If you are new to Kubernetes, check the getting started page for more information.

Requirements

Optionally you can install some other tools to make your life easier. These are documented in the tools page.

Authentication

To gain access to an EKS cluster you need to authenticate via AWS IAM and configure your kubeconfig accordingly. To do this you’ll need a recent version of awscli (>= 2.13.0). If you don’t have the AWS CLI yet, you can install it by following the AWS instructions or via Homebrew/Linuxbrew:

brew install awscli

You’ll first need to authenticate to the AWS account where the EKS cluster is deployed (or your Admin account if you use delegation). Depending on how you configured your awscli config, --region and --profile are optional.

Make sure to replace <my_assumed_role_arn> with a correct role depending on your access level. Which roles you can assume are documented in your customer-specific documentation.

aws eks update-kubeconfig --name <cluster_name> --alias <my_alias> [--role-arn <my_assumed_role_arn>] [--region <aws_region>] [--profile <my_aws_profile>]

# For example:
aws eks update-kubeconfig --name production-eks-example-com --alias production --role-arn arn:aws:iam::123456789012:role/developer

Deploying on Kubernetes with the Helm Package Manager

After a roll out of a Kubernetes cluster, it could be tempting to start executing numerous kubectl create or kubectl apply commands to get stuff deployed on the cluster.

Running such commands is a good idea to learn how deployments are done on Kubernetes, but it is not the appropriate tool to construct fully self contained application deployments. The Kubernetes community came up with a separate tool for that:

The Helm Package Manager

With Helm, you create self contained packages for a specific piece of a deployment, e.g. a web stack.
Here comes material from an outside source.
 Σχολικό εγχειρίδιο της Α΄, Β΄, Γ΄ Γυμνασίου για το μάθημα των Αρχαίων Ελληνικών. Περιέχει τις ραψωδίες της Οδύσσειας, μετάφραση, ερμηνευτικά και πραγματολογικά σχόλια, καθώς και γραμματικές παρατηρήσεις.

Such packages are called Charts in Helm terminology.

You probably want such a stack to be deployed in a specific Kubernetes namespace, with a specific configuration (ConfigMap), defining a Kubernetes Service referring to a Deployment. But if you want to have this setup reproducible, you need a way to parameterize this. By using a Template engine, a Go function library and the use of a Values.yaml file, you can build a template of a specific piece and re-use that for multiple deployments.
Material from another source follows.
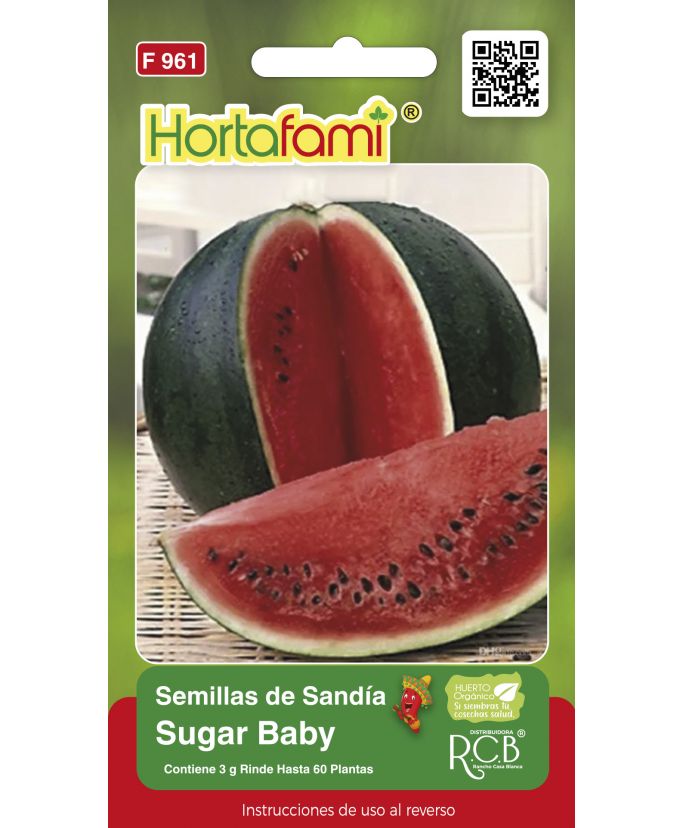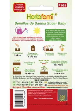 Sobre de semilla de Sandía Sugar Baby de 3 gramos y rinde hasta 60 plantas.
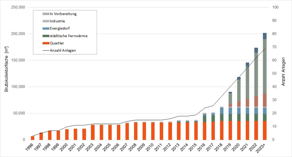 Für die kommenden fünf Jahre bis 2023 erwartet Dirk Mangold, Leiter des Steinbeis-Forschungsinstituts Solites, eine Verdopplung der Anlagenzahl auf 70 große Solarsysteme mit einer Verdreifachung der Leistung auf dann 140 MW. "Diese Zahl errechnet sich aus bereits laufenden Projekten und konkreten Machbarkeitsstudien, wobei wir die jeweilige Realisierungswahrscheinlichkeit als Faktor einkalkuliert haben", erläutert Mangold.

The Helm documentation is quite good and explanatory, and the best practices section highlight some of the important topics around chart development.

Good examples always help out a lot. Here is a list of existing git Charts repositories:

The above Chart repositories contain Charts that serve as building blocks for bigger composite installations.

Ingress

See Ingress specific documentation for more information on how to use Ingress controllers on your Kubernetes cluster.

IAM Roles

EKS IAM roles for Service Accounts is used by default.

Your deployments can be assigned with specific IAM roles to grant them fine-grained permissions to AWS services. To do that you’ll need to create a Service Account for your Pod and annotate it with the IAM role to use. For example

apiVersion: v1
kind: ServiceAccount
metadata:
  name: myapp
  annotations:
    eks.amazonaws.com/role-arn: arn:aws:iam::889180461196:role/kube/staging-eks-example-com-myapp
---
apiVersion: apps/v1
kind: Deployment
metadata:
  name: myapp
  labels: {}
spec:
  selector:
    matchLabels: {}
  template:
    metadata: {}
    spec:
      serviceAccountName: myapp
      # Important to set correct fsGroup, depending on which user your app is
      # running as.
      # https://github.com/aws/amazon-eks-pod-identity-webhook/issues/8
      securityContext:
        fsGroup: 1001
        # For completeness you can add the following too (not required)
        #runAsNonRoot: true
        #runAsGroup: 1001
        #runAsUser: 1001

It’s important to use a recent AWS SDK in your application for IRSA support.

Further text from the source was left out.